Besondere Umstände, die eine kürzere Verwirkungszeit rechtfertigen könnten, sind nicht ersichtlich, im Gegenteil. Der Kläger hatte es nach dem Vergleich übernommen, die Anpassung von sich aus vorzunehmen, das heißt ggf. auch die Kosten einer hierfür notwendigen anwaltlichen Beratung zu tragen. Die Beklagte hat die erste und einzige Anpassung mit anwaltlicher Hilfe durchsetzen müssen. Wenn der Kläger seiner Verpflichtung nicht nachkam und es der Beklagten überließ, sich um die Anpassung zu bemühen, ist er nicht über die Verjährungsfristen hinaus schutzwürdig .

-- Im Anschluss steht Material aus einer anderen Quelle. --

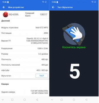 Сенсорный слой обрабатывает пять касаний одновременно – оптимальное значение для современного смартфона, больше от него не требуется. Тач одинаково хорошо работает по всей площади экрана, фантомные срабатывания от ладоней замечены не были.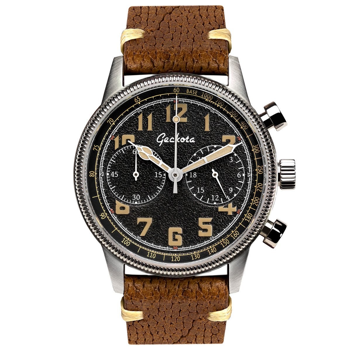 Винтажный хронограф в стиле Zenith Pilot. Geckota выпускает свои часы мелкими партиями и эта модель давно распродана. На вторичке тоже найти почти не реально.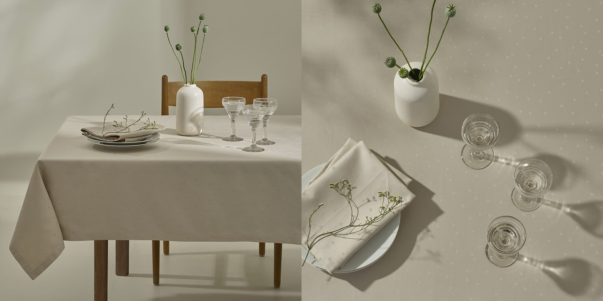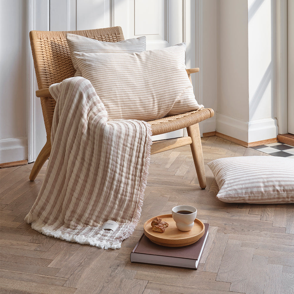 En palette af lyse, dæmpede farver og raffinerede tekstiler til et hjem i balance. Inspireret af naturens organiske former, farver og rytme bringer serien en sanselig ro ind i hjemmet og skaber rum, hvor øjet og kroppen finder hvile.

Darüber hinaus ist aber auch das für die Verwirkung erforderliche Umstandsmoment vorliegend nicht erfüllt. Zwar mag es bei niedrigeren Einkommmensverhältnissen nicht erforderlich sein, daß der Schuldner konkrete Vertrauensinvestitionen in seine Nichtinanspruchnahme darlegt (BGH FamRZ 88,370,373; ferner die vom FamG zitierte Entscheidung OLG Hamm FamRZ 96,1239). Hier lagen jedoch gehobene Einkommensverhältnisse vor; die Parteien hatten ein Nettoeinkommen des Klägers von DM 13.000 monatlich zugrundegelegt, das er zumindest bis 1997 auch nach seinem eigenen Vortrag tatsächlich erzielt hat. Außerdem geht es nur um die Beträge aus der Anpassung , also eine Unterhaltsspitze. Bei dieser Sachlage kann nicht ohne nähere Darlegung davon ausgegangen werden, daß der Kläger sich in seiner Lebensführung darauf eingerichtet habe, nicht mehr in Anspruch genommen zu werden und nunmehr unerwartet in Bedrängnis geraten ist.

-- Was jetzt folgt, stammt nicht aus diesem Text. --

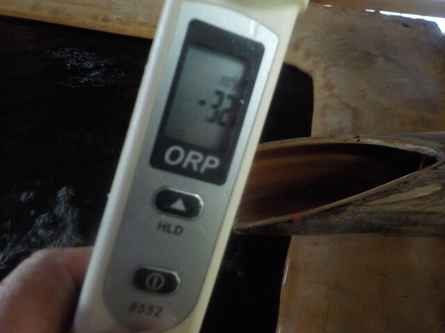 浴槽:温度38.1℃、pH7.35、ORP値は-11mvに収束した。

Die Kostenentscheidung beruht auf den §§ 91,92 Abs.1 ZPO. Die Beklagte hat das erstinstanzliche Urteil nicht angegriffen, soweit es um die Vollstreckung wegen der - verjährten - Rückstände aus 1994 geht; deswegen hat sie trotz Obsiegens in der Berufungsinstanz einen Teil der Kosten der ersten Instanz zu tragen.

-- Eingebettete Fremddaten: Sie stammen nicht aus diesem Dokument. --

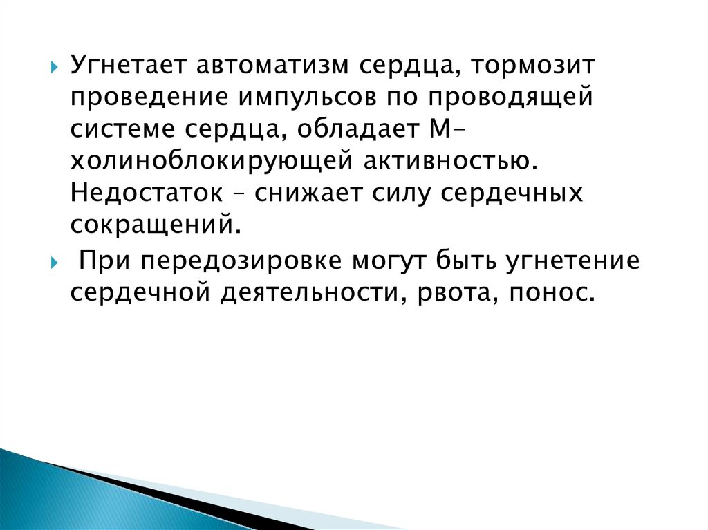 Угнетает автоматизм сердца, тормозитпроведение импульсов по проводящей

Die Entscheidung über die vorläufige Vollstreckbarkeit ergibt sich aus den §§ 708 Nr.10, 711 ZPO.

Der Senat hat die Revision zugelassen, da die Sache grundsätzliche Bedeutung hat und dieses Urteil möglicherweise von der Entscheidung BGH FamRZ 99, 1422 abweicht (§§ 621 d, 546 ZPO).